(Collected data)
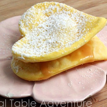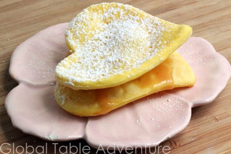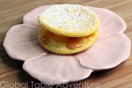While Alfajores (cookie and dulce de leche “sandwiches”) are made throughout South America, the Chilean version is unusual both in technique and presentation. They use an egg-based dough (in other countries shortbread is favored). In addition, Chileans only roll one side of the dough, which results in a curled leaf effect on the dough as it bakes.
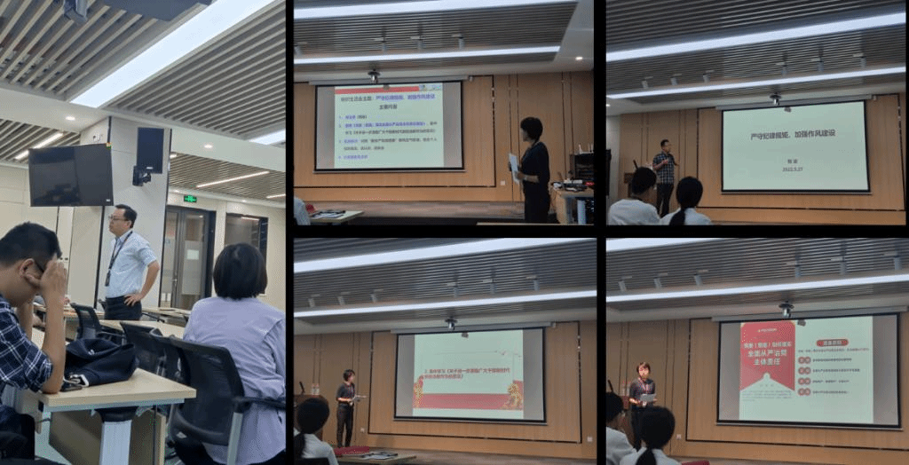 首先,由程波老师带来微党课《严守纪律规矩、加强作风建设》,为大家讲解新时代高校教师职业十不准行为,并强调高校老师要严于律己,恪守相关行为准则,尤其要严守学术道德底线,避免学术不端行为。
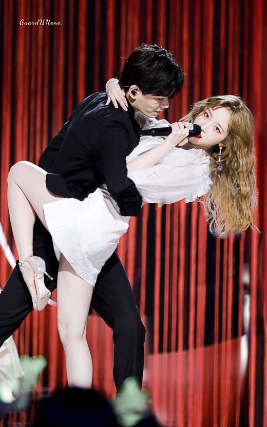 Trịnh Nãi Hinh đảm nhận vị trí center của màn trình diễn nên cô có nhiều tương tác nhất với Đinh Vũ Hề. |
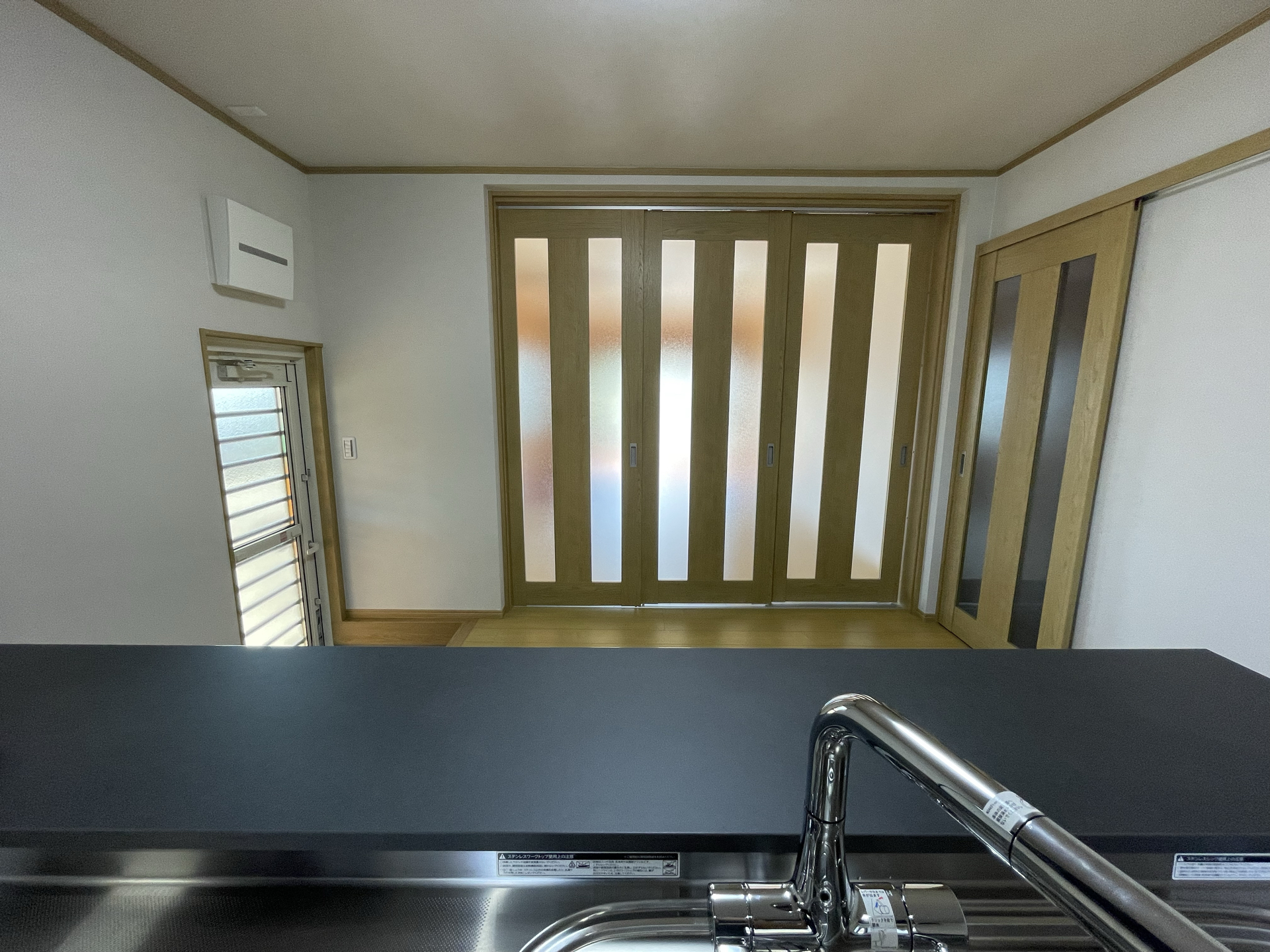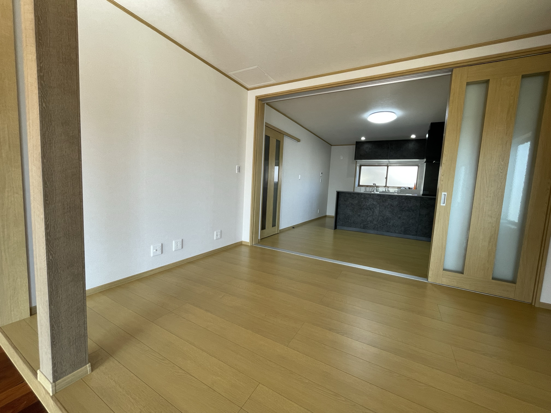リビングとダイニングの間にある和室を洋室にして、大きなワンフロアへ間取り変更させていただきました。
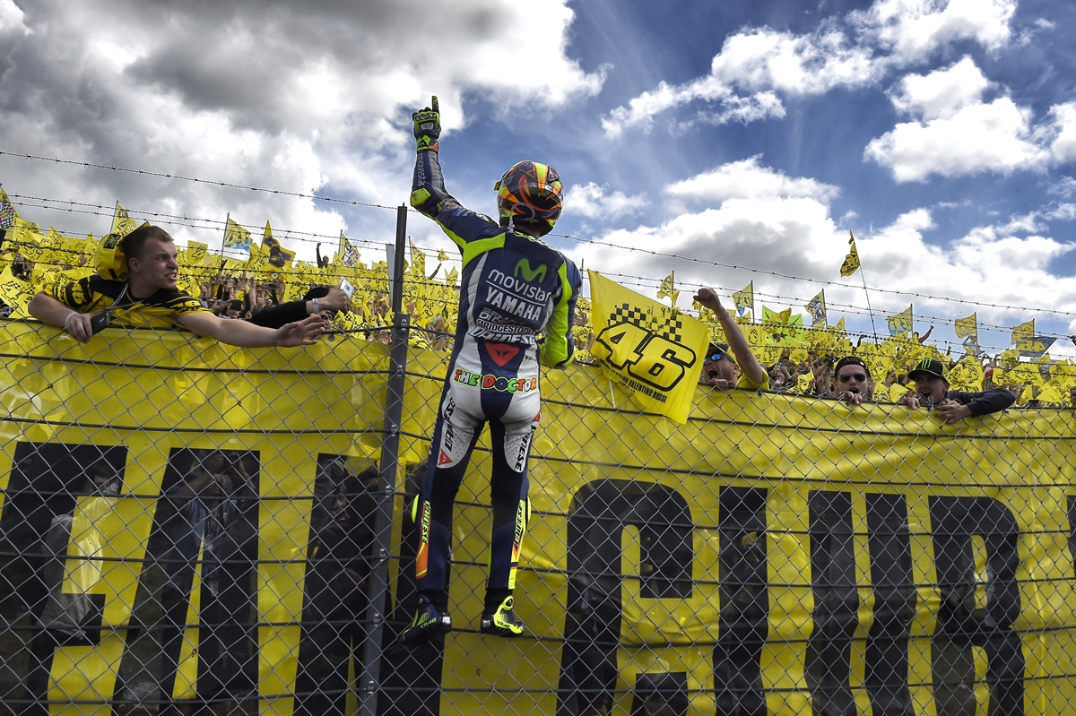 ולנטינו רוסי מנצח באסן בפעם ה-111 בקריירה ומזכיר לכולם למה הוא הגדול מכולם. 1.2 שניות אחריו חוצה את הקו הרוכב החבוט של 2015 – מארק מרקז. הפער בסיום מתעתע ואינו מספר את מהלך המרוץ. רוסי ומרקז, שני הרוכבים המעניינים בסבב, רוכבים ראש בראש לאורך 26 הקפות. במשך רוב המרוץ יהיה זה רוסי שיוביל. שבע הקפות לתום המרוץ מרקז עוקף את רוסי על הבלמים לפנייה מס' 1 ולרוסי אין תגובה מהירה. רוסי צמוד למרקז במשך 4 הקפות ומחליט ללכת על כל הקופה כשהוא נכנס לפנימי בפנייה 10, ולא עוזב את הגז גם בקו החיצוני בפנייה 11. רוסי קובע את ההקפה המהירה שלו במרוץ ופותח פער של חצי שנייה על מרקז. עם כל הזהירות של מרקז לאורך המרוץ, לא רוכב כמרקז יוותר על ניסיון אחרון. הוא מצליח לסגור על רוסי לקראת תום ההקפה האחרונה, ובכניסה לפנייה 16 מרקז בקו הפנימי ורוסי מעט לפניו, אבל שני הרוכבים מהירים הרבה יותר מדי בשביל לסיים את סדרת הפניות שמהן מורכב השיקיין. באפקס בפנייה 16 נוצר מגע בין השניים, ורוסי נאלץ לזקוף את הימאהה, חותך את השיקיין דרך החצץ ומנצח את המרוץ. מרקז מצליח בקושי רב לסיים את השיקיין על האספלט ומאבד 1.2 שניות לרוסי. ניצחון ראשון של רוסי מעמדת הפול משנת 2009, ניצחון שמראה לנו שוב – הדוקטור חזר.
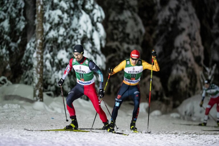 Nordische Kombination: Bildergalerie vom dritten Tag in Ruka Terence Weber hinter Yoshito Watabe. © Modica/NordicFocus 1 2 3 4 5 6 7 8 9 10 11 12 13 14 15 16 17 18 19 © Bilder 1 - 2: Vianney THIBAUT/NordicFocus; Bilder 3 - 19: Modica/NordicFocus;

**Exercise goal:** Extract the text of all the records above verbatim, excluding pictures.

**Response for this exercise:**
While Alfajores (cookie and dulce de leche “sandwiches”) are made throughout South America, the Chilean version is unusual both in technique and presentation. They use an egg-based dough (in other countries shortbread is favored). In addition, Chileans only roll one side of the dough, which results in a curled leaf effect on the dough as it bakes.
 首先,由程波老师带来微党课《严守纪律规矩、加强作风建设》,为大家讲解新时代高校教师职业十不准行为,并强调高校老师要严于律己,恪守相关行为准则,尤其要严守学术道德底线,避免学术不端行为。
 Trịnh Nãi Hinh đảm nhận vị trí center của màn trình diễn nên cô có nhiều tương tác nhất với Đinh Vũ Hề. |
リビングとダイニングの間にある和室を洋室にして、大きなワンフロアへ間取り変更させていただきました。
 ולנטינו רוסי מנצח באסן בפעם ה-111 בקריירה ומזכיר לכולם למה הוא הגדול מכולם. 1.2 שניות אחריו חוצה את הקו הרוכב החבוט של 2015 – מארק מרקז. הפער בסיום מתעתע ואינו מספר את מהלך המרוץ. רוסי ומרקז, שני הרוכבים המעניינים בסבב, רוכבים ראש בראש לאורך 26 הקפות. במשך רוב המרוץ יהיה זה רוסי שיוביל. שבע הקפות לתום המרוץ מרקז עוקף את רוסי על הבלמים לפנייה מס' 1 ולרוסי אין תגובה מהירה. רוסי צמוד למרקז במשך 4 הקפות ומחליט ללכת על כל הקופה כשהוא נכנס לפנימי בפנייה 10, ולא עוזב את הגז גם בקו החיצוני בפנייה 11. רוסי קובע את ההקפה המהירה שלו במרוץ ופותח פער של חצי שנייה על מרקז. עם כל הזהירות של מרקז לאורך המרוץ, לא רוכב כמרקז יוותר על ניסיון אחרון. הוא מצליח לסגור על רוסי לקראת תום ההקפה האחרונה, ובכניסה לפנייה 16 מרקז בקו הפנימי ורוסי מעט לפניו, אבל שני הרוכבים מהירים הרבה יותר מדי בשביל לסיים את סדרת הפניות שמהן מורכב השיקיין. באפקס בפנייה 16 נוצר מגע בין השניים, ורוסי נאלץ לזקוף את הימאהה, חותך את השיקיין דרך החצץ ומנצח את המרוץ. מרקז מצליח בקושי רב לסיים את השיקיין על האספלט ומאבד 1.2 שניות לרוסי. ניצחון ראשון של רוסי מעמדת הפול משנת 2009, ניצחון שמראה לנו שוב – הדוקטור חזר.
 Nordische Kombination: Bildergalerie vom dritten Tag in Ruka Terence Weber hinter Yoshito Watabe. © Modica/NordicFocus 1 2 3 4 5 6 7 8 9 10 11 12 13 14 15 16 17 18 19 © Bilder 1 - 2: Vianney THIBAUT/NordicFocus; Bilder 3 - 19: Modica/NordicFocus;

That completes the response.